• What you have to do
Reproduce the data below in full and to the letter, images excepted.

BEGIN Data section

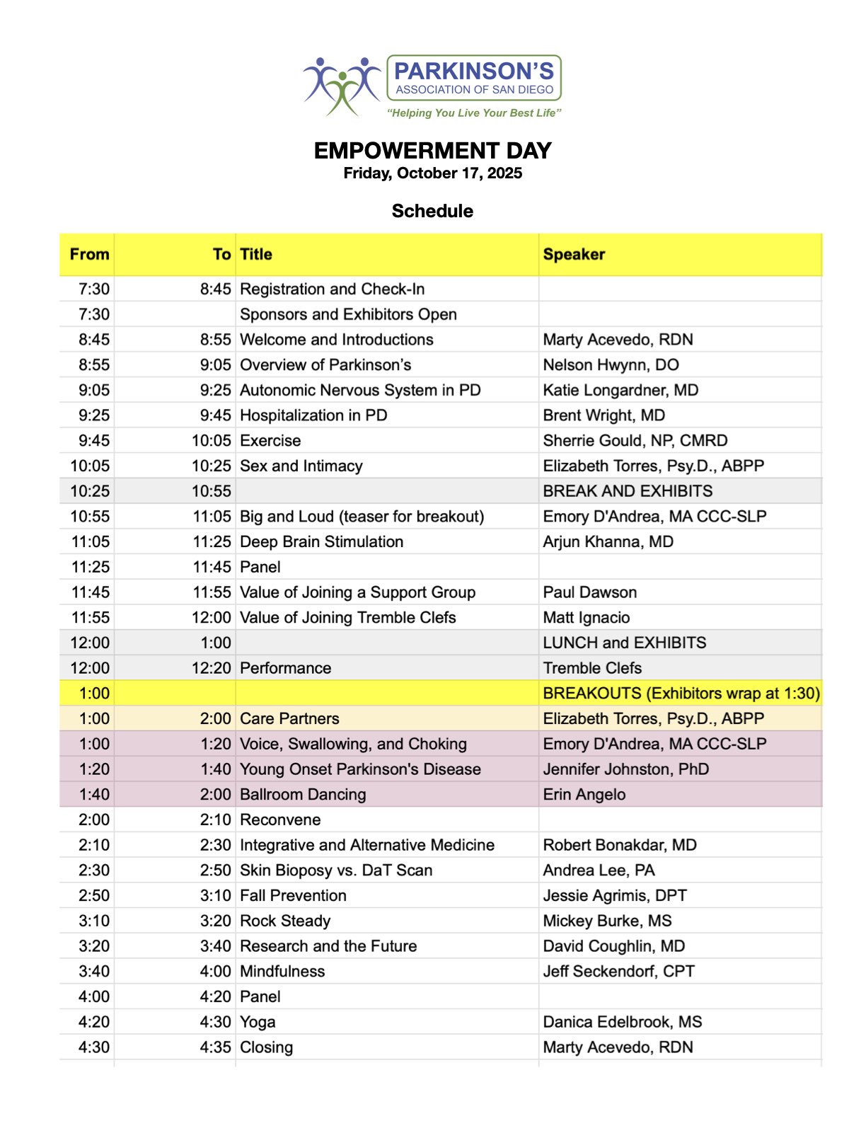 Provide a scholorship. This year, when you register online and during checkout, you will have the option to purchase additional “scholarship seats.” We will offer these scholarships to those in our San Diego Parkinson’s community who may need some financial assistance to attend this year’s Empowerment Day. We thank you for your generous support.
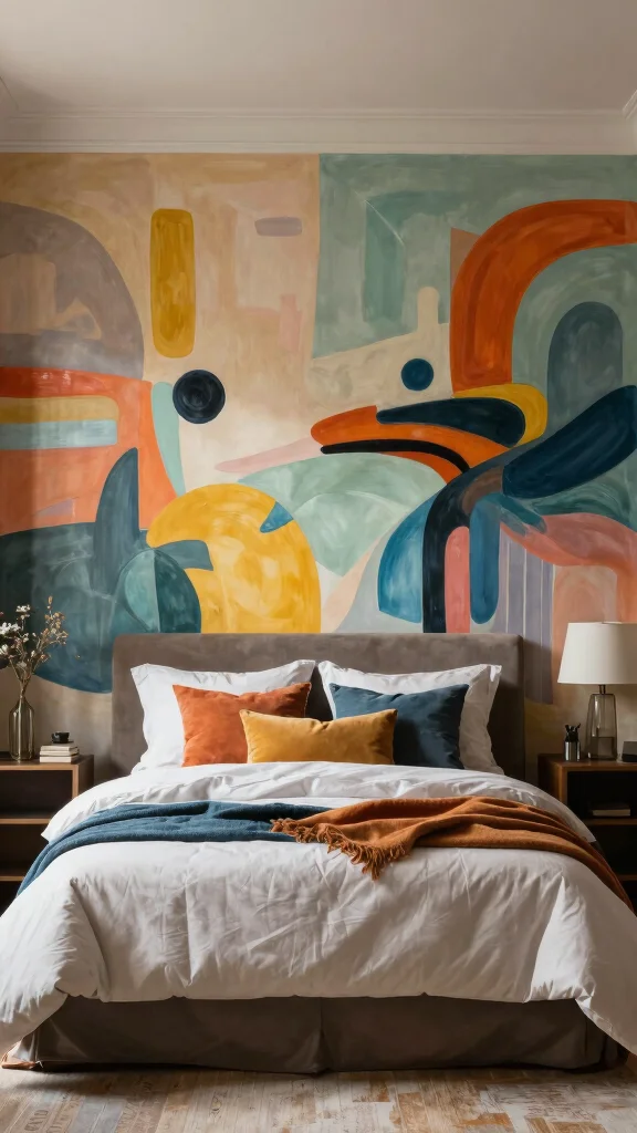 Transform the area behind your headboard with a mural that serves as an artistic backdrop. A painted mural can tell a story, create depth, or simply add a burst of color, enhancing the room’s decor in a unique way. This eye-catching feature instantly elevates the space, making it feel more dynamic and personalized.
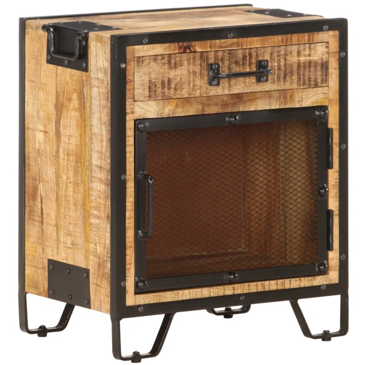 Vintage Style Mango Wooden Double Drawer Night Stand for Bedroom Living Room Hotel Villa Industrial Style Cabinets
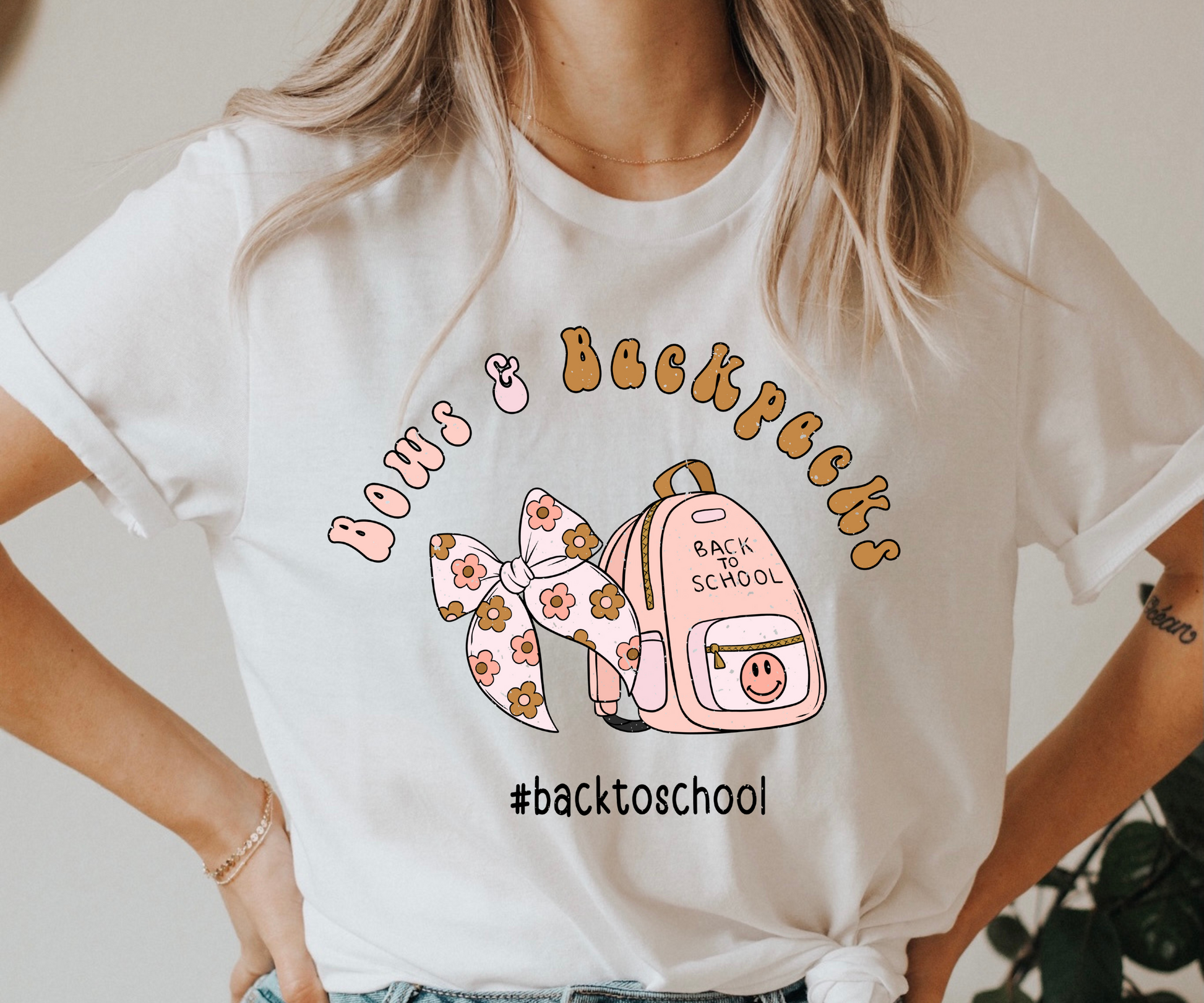 Books and Bows Teacher Retro T Shirt

END Data section

• Answer box
 Provide a scholorship. This year, when you register online and during checkout, you will have the option to purchase additional “scholarship seats.” We will offer these scholarships to those in our San Diego Parkinson’s community who may need some financial assistance to attend this year’s Empowerment Day. We thank you for your generous support.
 Transform the area behind your headboard with a mural that serves as an artistic backdrop. A painted mural can tell a story, create depth, or simply add a burst of color, enhancing the room’s decor in a unique way. This eye-catching feature instantly elevates the space, making it feel more dynamic and personalized.
 Vintage Style Mango Wooden Double Drawer Night Stand for Bedroom Living Room Hotel Villa Industrial Style Cabinets
 Books and Bows Teacher Retro T Shirt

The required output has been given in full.